Work instruction:
Please make an exact copy of the lines from the one holding "Battery Pack Assembly" through the end of the data, both ends included, with no pictures.

-- Dataset excerpt follows --

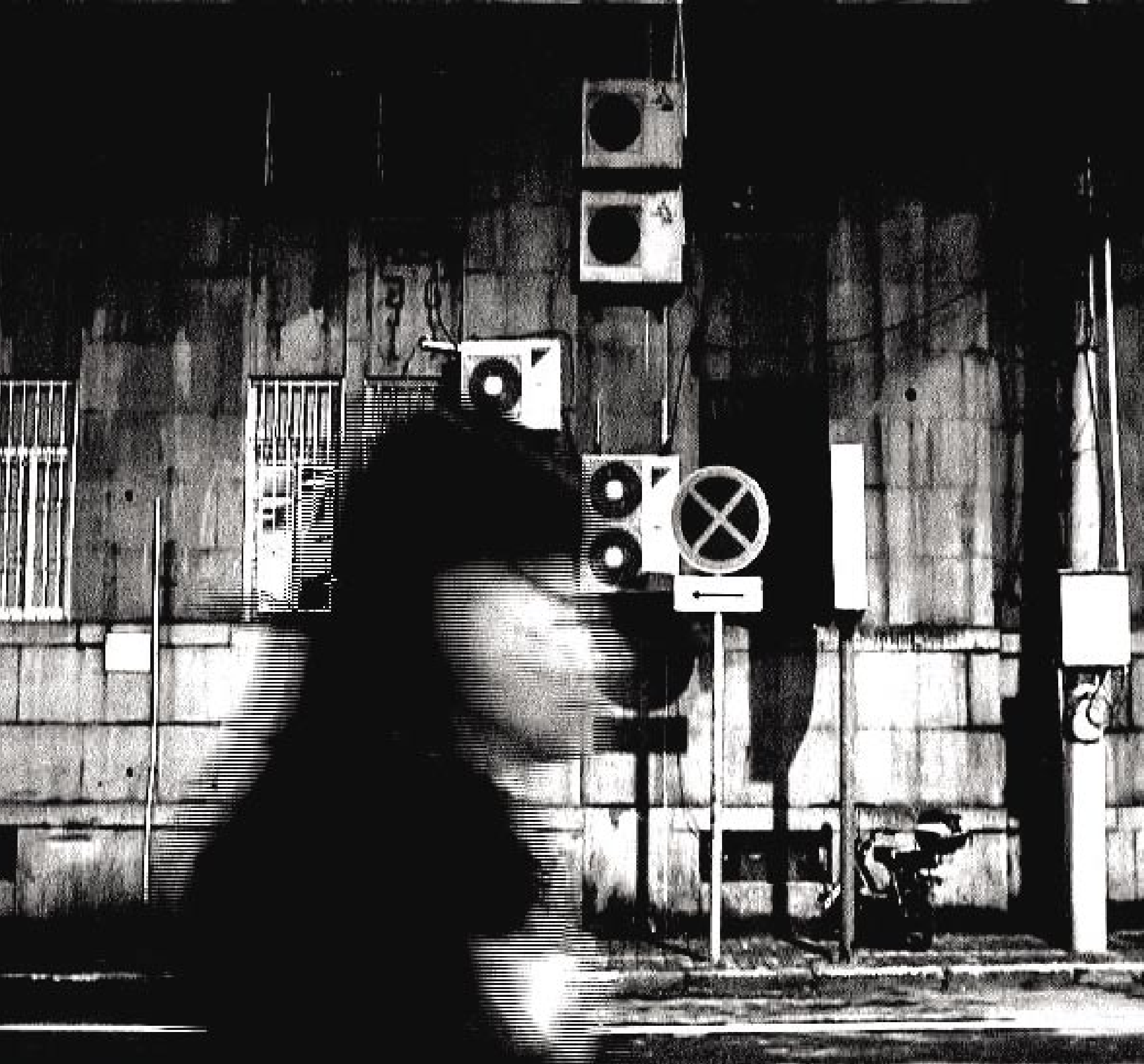
Song Tao, Three Days Ago , 2005, single channel video, 8', ed. of 5
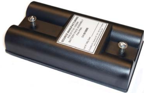
Battery Pack Assembly

Eligibility: Boeing 737 Series, 757 Series, 767 Series, 777 Series
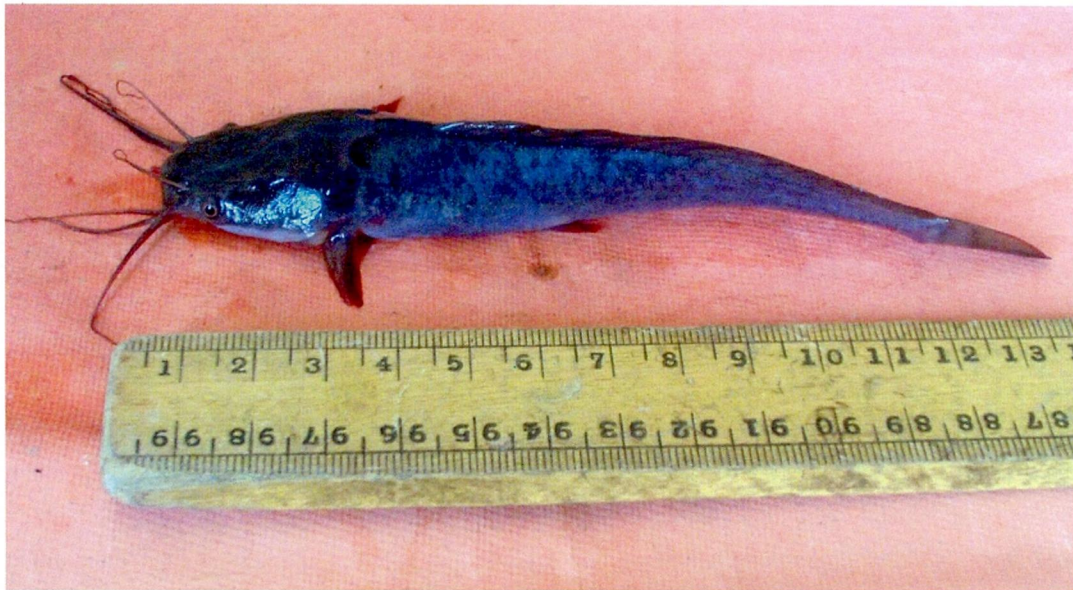
CLARIAS GARIEPINUS – EXPERIMENTAL FISH

-- Dataset excerpt concluded --

Result for this exercise:
Battery Pack Assembly

Eligibility: Boeing 737 Series, 757 Series, 767 Series, 777 Series
CLARIAS GARIEPINUS – EXPERIMENTAL FISH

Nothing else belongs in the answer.